Сколько ни умно говорил купец, но никак не мог выбить из головы моей прелестной метафизики, в которую влюблен был я страстно и клялся вечною верностию. Я ужасался изменить такой великой науке, которая измеряет все сущее и несущее; рассуждает о духах, об аде, рае и о прочем такой же важности.

Добрый Савва был терпелив; великодушно сносил леность мою еще несколько месяцев; наконец, видя, что я близок к помешательству, сказал однажды:

— Ну, Гаврило Симонов, вижу, болезнь твоя неизлечима. Так и быть; буди воля божия! Я тебя полюбил и хотел устроить твое счастие; но как всякий человек полагает счастие по-своему, то и я не противлюсь.
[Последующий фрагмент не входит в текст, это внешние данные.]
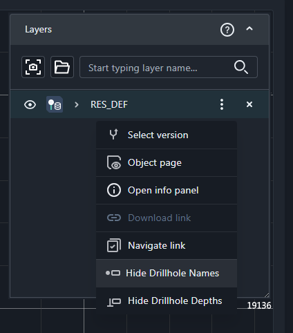 In the three-dots menu of the Drillhole object inside the Layers panel, users can now: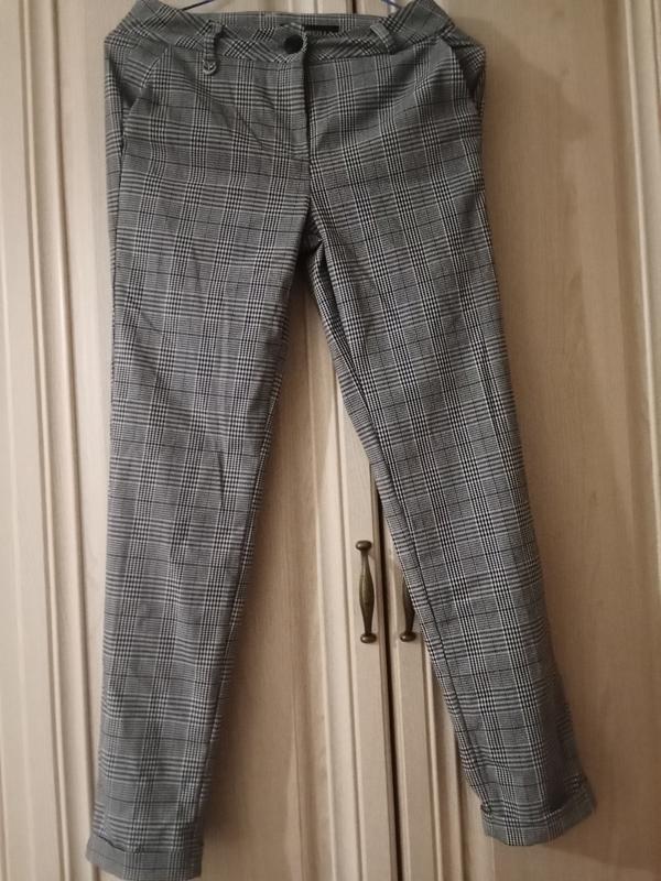 класичні штани в клітинку. збоку є кишені,з заду обманки. розмір на бірці 25, але тягнуться будуть на 26.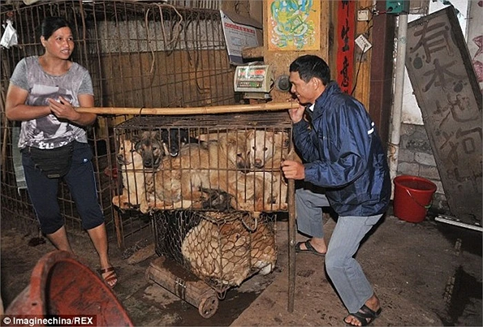 Những chú chó còn sống nằm chờ bị đem ra làm thịt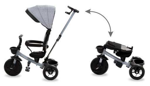 Składane oparcie siedziska oraz kierownica, a także wyjmowany uchwyt do prowadzenia rowerka, pozwalają na zmniejszenie jego gabarytu. Dzięki tej funkcji, rowerek z łatwością zmieści się w bagażniku samochodowym.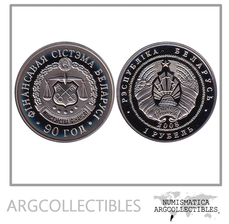 Bielorrusia Moneda 1 Rublo 2008 Niquel Sistema Financiero KM-312 Proof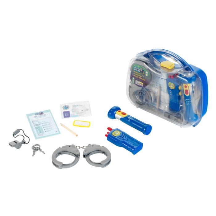 ID, blyant, fløjte, skilt Håndjern, lygte, walkie, bøder. Der medfølger ikke 2xAA batteri.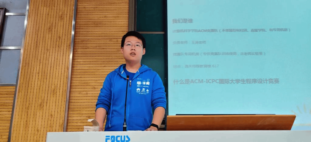 财神捕鱼ACM集训队队长张国正与队员张静妍同学介绍了财神捕鱼ACM竞赛队的比赛经历和获奖情况,同时结合学校的现实情况分析了参赛在专业素质提升方面的作用,使在场同学们对ACM有了一个全面的了解。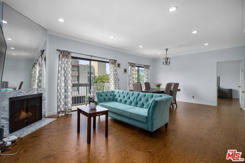 This 2bed/2bath, extra bright, west-facing condo is perfect for a first-time homebuyer or an investor who wants to add to their rental income. Laminate flooring, recess lighting and crown moldings. One continuous balcony throughout master and living room. Guest bedroom has a private balcony. Working fireplace. 2 Tandem parking spaces, in-unit washer and dryer, spacious master walk-in closet and large linen closet provides ample storage. Bathrooms and kitchen could use some TLC. However, unit has been owner-occupied for the past three years and has been well taken care of. Small building of only 9 units, 3 units per floor. Roof was recently replaced and building has solar panels. HOA just voted to re-paint and re-floor the hallways. Just south of Santa Monica Blvd on Glendon Ave, just minutes away from UCLA and the 405 Freeway, this serene condo is nestled in a private and tree-lined, conveniently located street.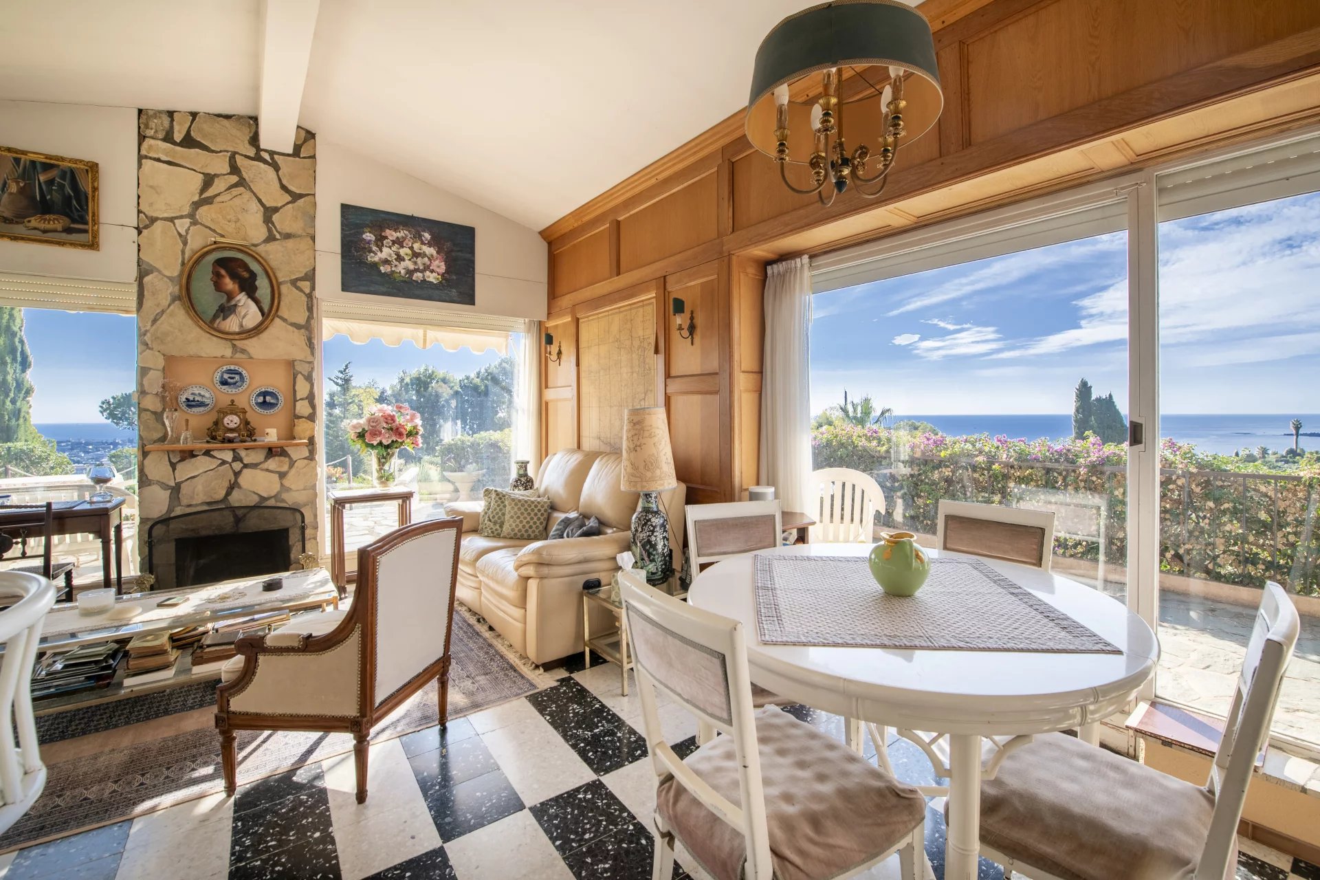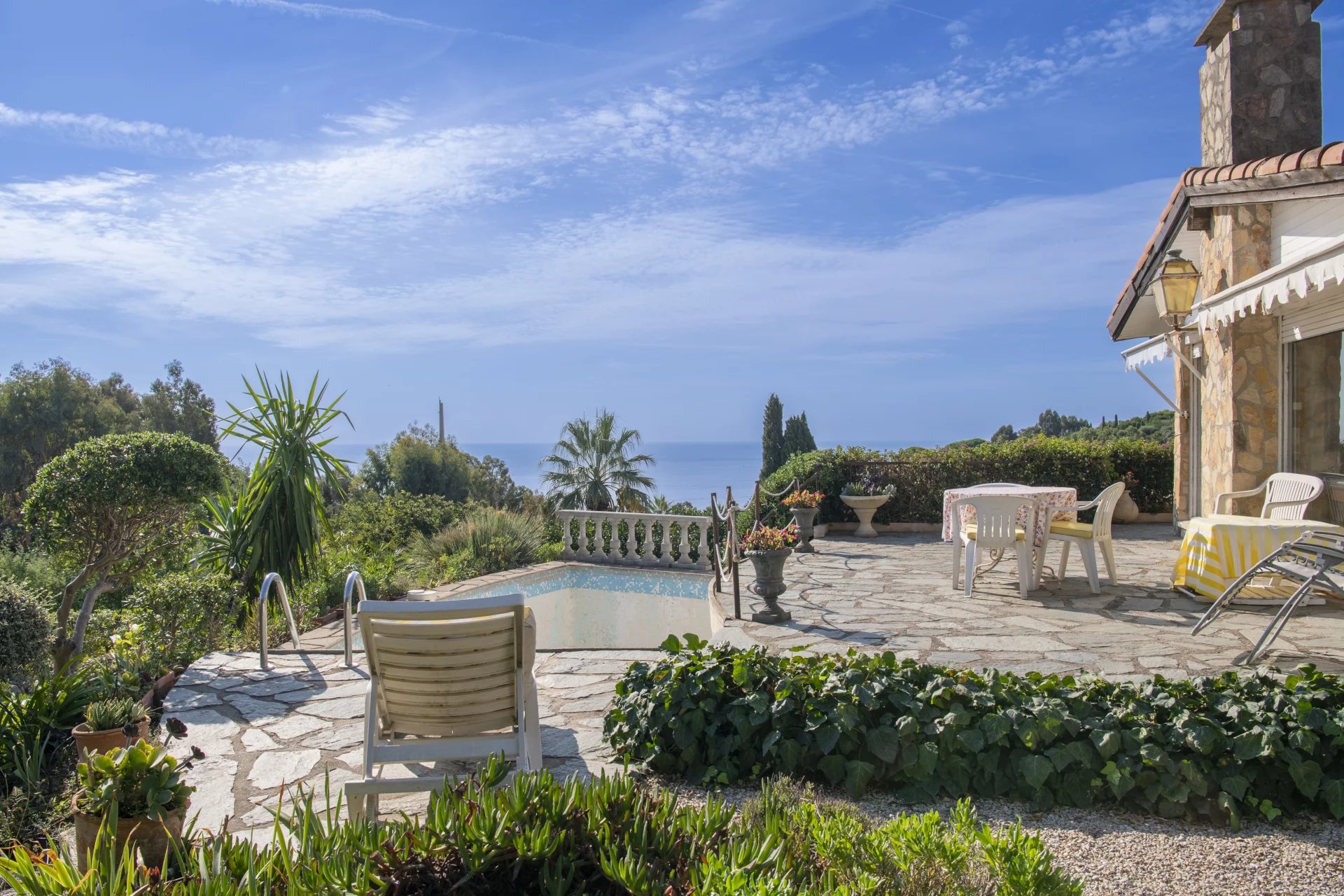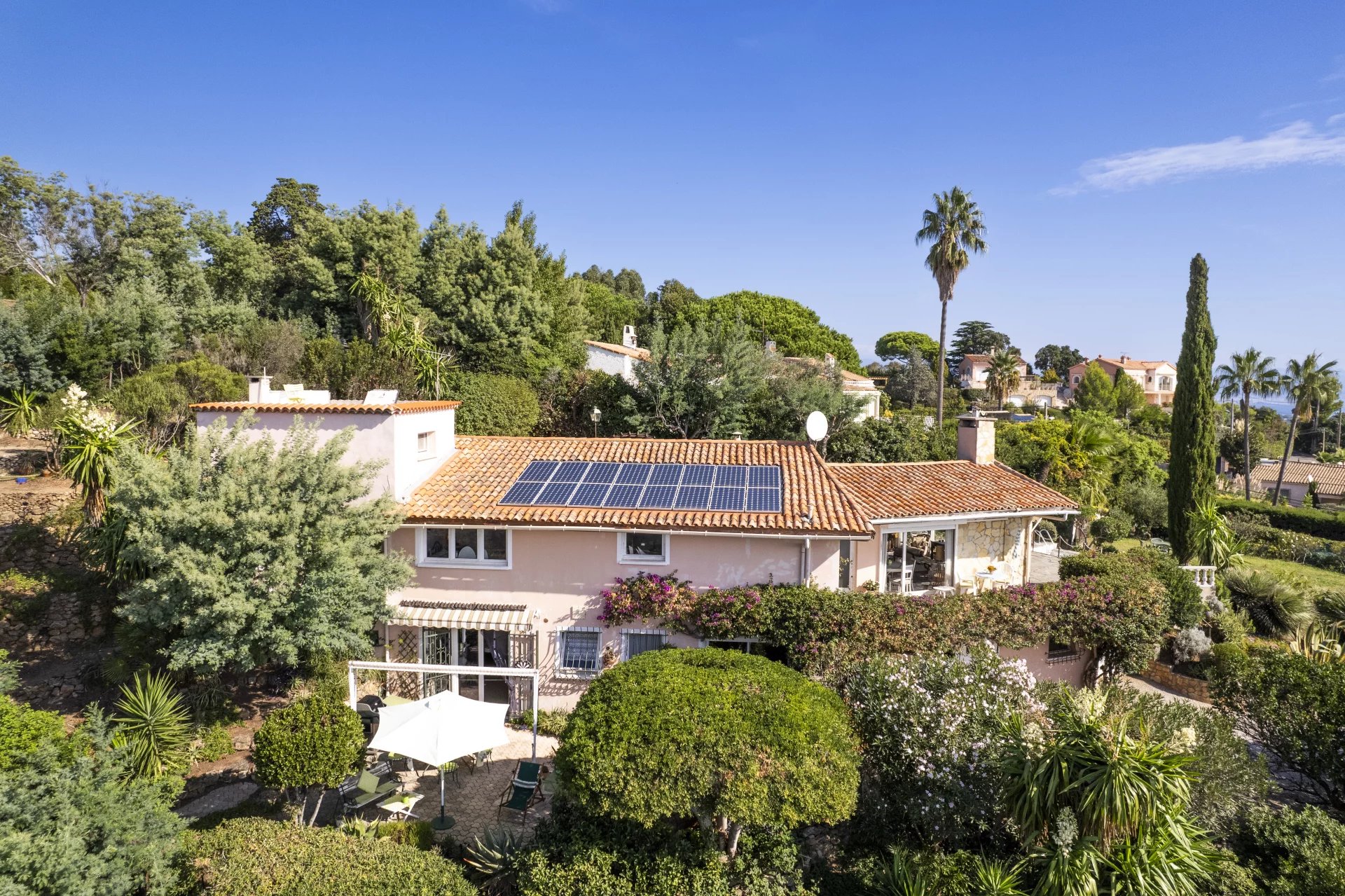 in a privileged and absolutely peaceful location, this villa boasts panoramic sea views over the bay of Golfe Juan and Cap d'Antibes.

С приятелем моим Бибариусом, славным здешним метафизиком, уже я условился. Он соглашается принять тебя к себе, поить, кормить и обучать всем наукам в течение трех лет за сходную цену. С богом!

— Нет, великодушный покровитель мой, — вскричал я, тронутый его щедростию, — я сам столько имею денег, что могу довольствовать высокоученого Бибариуса.

— Оставь упрямство, — отвечал купец, — надень это платье, мною приготовленное, и пойдем. — Он купил для меня кафтан, панталоны и жилет — словом, все нужное, чтоб представлять порядочного статского человека.

Когда одевался я, он говорил:

— Если страсть твоя к метафизике простынет, как обыкновенно простывают все страсти, то приходи ко мне опять, надень прежнее твое купеческое платье и будь участником в трудах моих и выгодах.

— Нет, — говорил я, — этому не бывать! Статочное ли дело, ученому человеку нацеживать вино в бутылки и засмолять их? Ему гораздо приличнее вот так, например… — Тут я схватил бутылку, мигом раскупорил и, к великому удивлению Саввы Трифоновича, выдудил одним разом полбутылки вина.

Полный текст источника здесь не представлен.